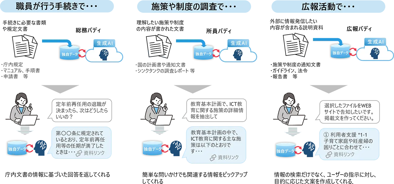 多くの自治体では、電話やメールでの問い合わせ対応に加えて、申請書・規定文書といった膨大なデータから必要な情報を探し出すのに時間がかかっています。特に地方では、十分な人材を確保するのが難しいなか、職員一人ひとりの負担が大きくなっており、業務の効率化が求められています。
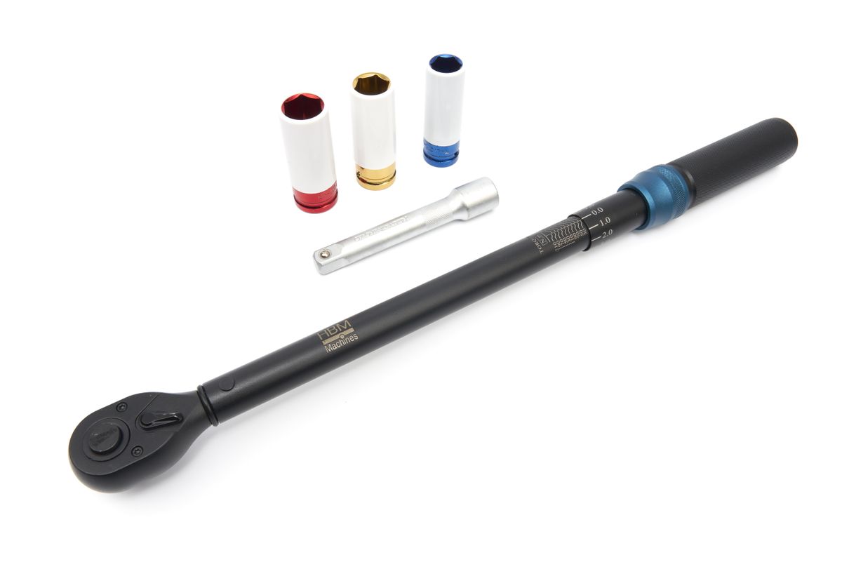 De HBM 5-delige momentsleutelset is ideaal voor nauwkeurig aandraaien van wielmoeren, bouten en andere verbindingen. De 1/2 inch momentsleutel heeft een instelbaar bereik van 20 tot 210 Nm en is voorzien van een duidelijke schaal en klikmechanisme. In de set zitten drie doppen (17, 19 en 21 mm) en een verlengstuk van 5 inch, waarmee je ook moeilijk bereikbare plekken goed kunt benaderen. Alles wordt geleverd in een stevige kunststof opbergkoffer. Of je nu aan auto’s, aanhangwagens of machines werkt, met deze set werk je snel, veilig en gecontroleerd. Een betrouwbare oplossing voor iedereen die met precisie en kracht wil sleutelen.
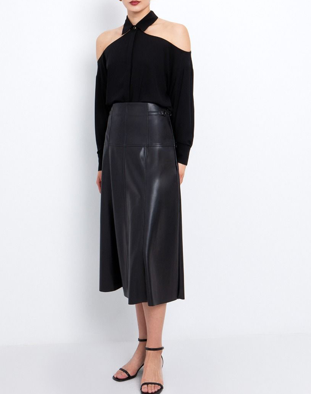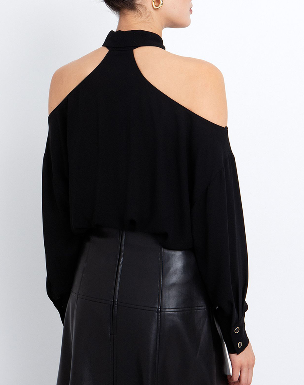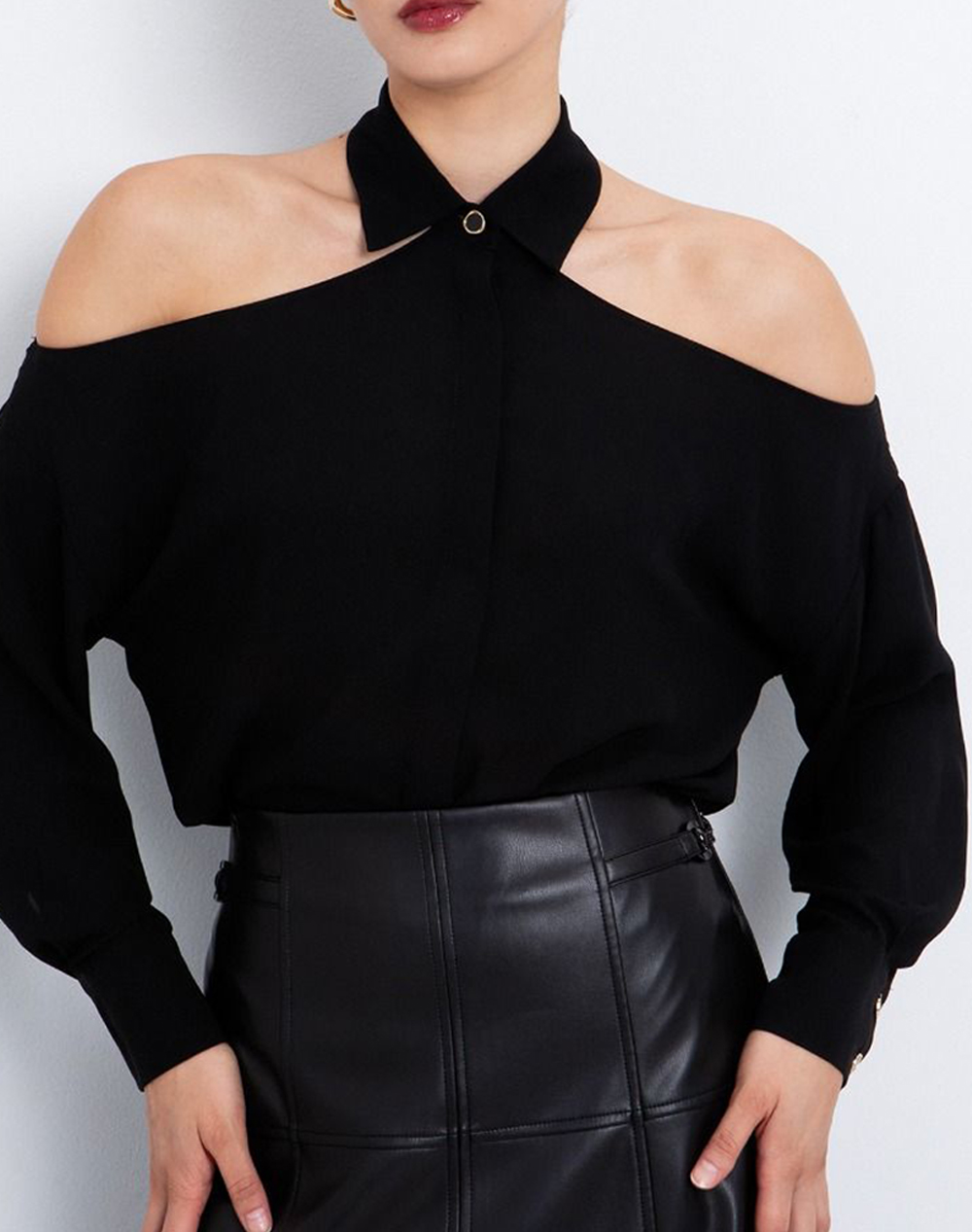 Women's shirt, in a comfortable fit, solid color, long sleeves, with exposed shoulders and button closure. (Composition: 100% Polyester)
+===+
-- Task brief --
Beginning with the line that contains "De HBM 5-delige", write out the remaining lines of the listing above through the last, exactly and only those, without pictures.

-- Answer box --
 De HBM 5-delige momentsleutelset is ideaal voor nauwkeurig aandraaien van wielmoeren, bouten en andere verbindingen. De 1/2 inch momentsleutel heeft een instelbaar bereik van 20 tot 210 Nm en is voorzien van een duidelijke schaal en klikmechanisme. In de set zitten drie doppen (17, 19 en 21 mm) en een verlengstuk van 5 inch, waarmee je ook moeilijk bereikbare plekken goed kunt benaderen. Alles wordt geleverd in een stevige kunststof opbergkoffer. Of je nu aan auto’s, aanhangwagens of machines werkt, met deze set werk je snel, veilig en gecontroleerd. Een betrouwbare oplossing voor iedereen die met precisie en kracht wil sleutelen.
 Women's shirt, in a comfortable fit, solid color, long sleeves, with exposed shoulders and button closure. (Composition: 100% Polyester)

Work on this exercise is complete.